Antes que digam que só escrevo essas linhas por ser botafoguense, cito os fatos: ações como essa não são novidade em Recife: no ano passado, o técnico Lori Sandri, então comandando o América-RN, foi preso nas mesmas circunstâncias, mas no estádio da Ilha do Retiro, pertencente ao rival do Náutico, Sport Recife. Foi algemado na frente das câmeras de tv. Humilhado, deu uma entrevista aos prantos, que causou consternação no meio futebolístico. Recentemente, o Palmeiras, ao chegar no mesmo estádio da Ilha do Retiro, segundo o treinador Vanderlei Luxemburgo, teve que desembarcar em frente aos torcedores do Sport, pois uma motocicleta da PM, estrategicamente estacionada metros adiante, impedia a manobra do ônibus e o desembarque em outro setor do estádio.

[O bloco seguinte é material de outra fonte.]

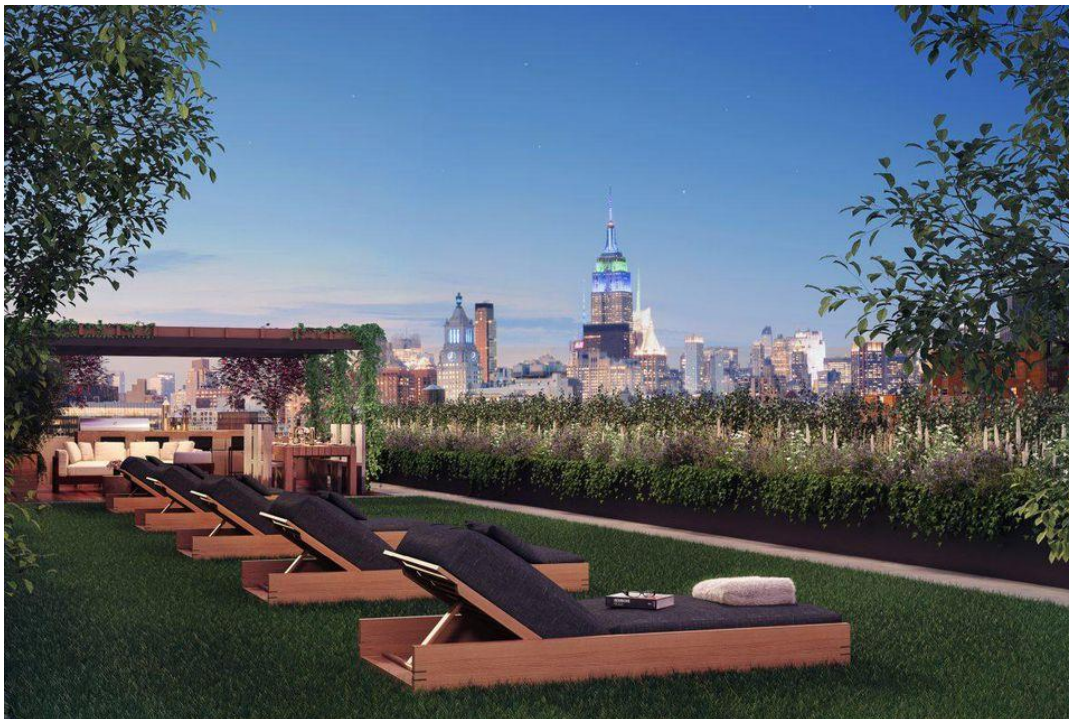
The 4,100-square-foot rooftop terrace at 196 Orchard comes with a sky lawn and outdoor shower, cabana seating and two kitchens.

“We find that screening rooms are rarely used, but when they are used they are used by a lot of people in the building, such as for the Super Bowl,” Till says.

Para encerrar, as perguntas que ficam são as seguintes:
O STJD punirá apenas o jogador do Botafogo, ou também punirá o Náutico, que é dono do alçapão onde se realizou o jogo, e o mandante é o responsável pela segurança daqueles que recebe?

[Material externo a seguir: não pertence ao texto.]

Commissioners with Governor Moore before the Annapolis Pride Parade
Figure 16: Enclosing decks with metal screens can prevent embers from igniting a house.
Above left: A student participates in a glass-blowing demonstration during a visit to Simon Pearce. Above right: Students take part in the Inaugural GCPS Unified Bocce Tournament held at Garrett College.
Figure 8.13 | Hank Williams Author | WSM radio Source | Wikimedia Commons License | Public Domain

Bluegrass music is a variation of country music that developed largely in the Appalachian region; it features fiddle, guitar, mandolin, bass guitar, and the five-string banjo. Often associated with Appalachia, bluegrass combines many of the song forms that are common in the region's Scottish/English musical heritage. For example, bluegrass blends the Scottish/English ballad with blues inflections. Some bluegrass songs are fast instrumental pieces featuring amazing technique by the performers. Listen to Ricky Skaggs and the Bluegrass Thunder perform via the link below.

A CBF interditará o alçapão dos Aflitos, totalmente impróprio para uma partida de 1ª divisão?
A Comissão de Arbitragem da CBF afastará o árbitro Wilson Seneme, pela conivência e falta de pulso para controlar os ânimos exaltados?

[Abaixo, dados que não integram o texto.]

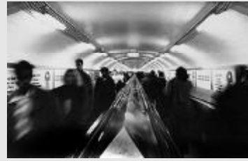
MÉTRO Paris, France (1989)

Black and white Matted and framed 16"x20"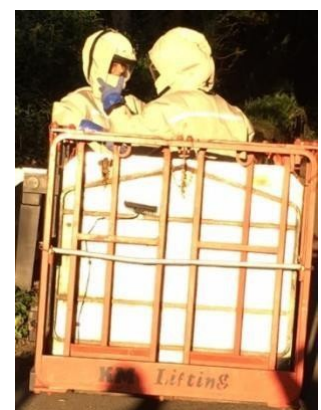
Professionals wearing protective clothing at nest 47

Hopefully we will not have the same issues with Asian hornets in the North of England anytime soon.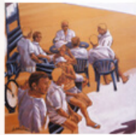
One Art Print Corleone €320.00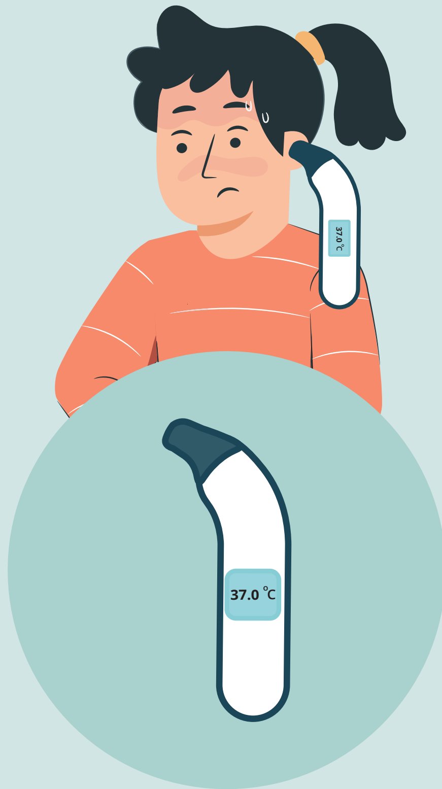
Digital ear thermometer

A aspirante a tenente desastrada e despreparada será afastada de suas funções atuais?
O Botafogo irá processar o Estado de Pernambuco pelo acontecido?
O zagueiro André Luis irá processar o Estado de Pernambuco pelo ocorrido?
Ou tudo acabará em pizza de carne-de-sol??
A saber nos próximos dias. Algo tem que acontecer!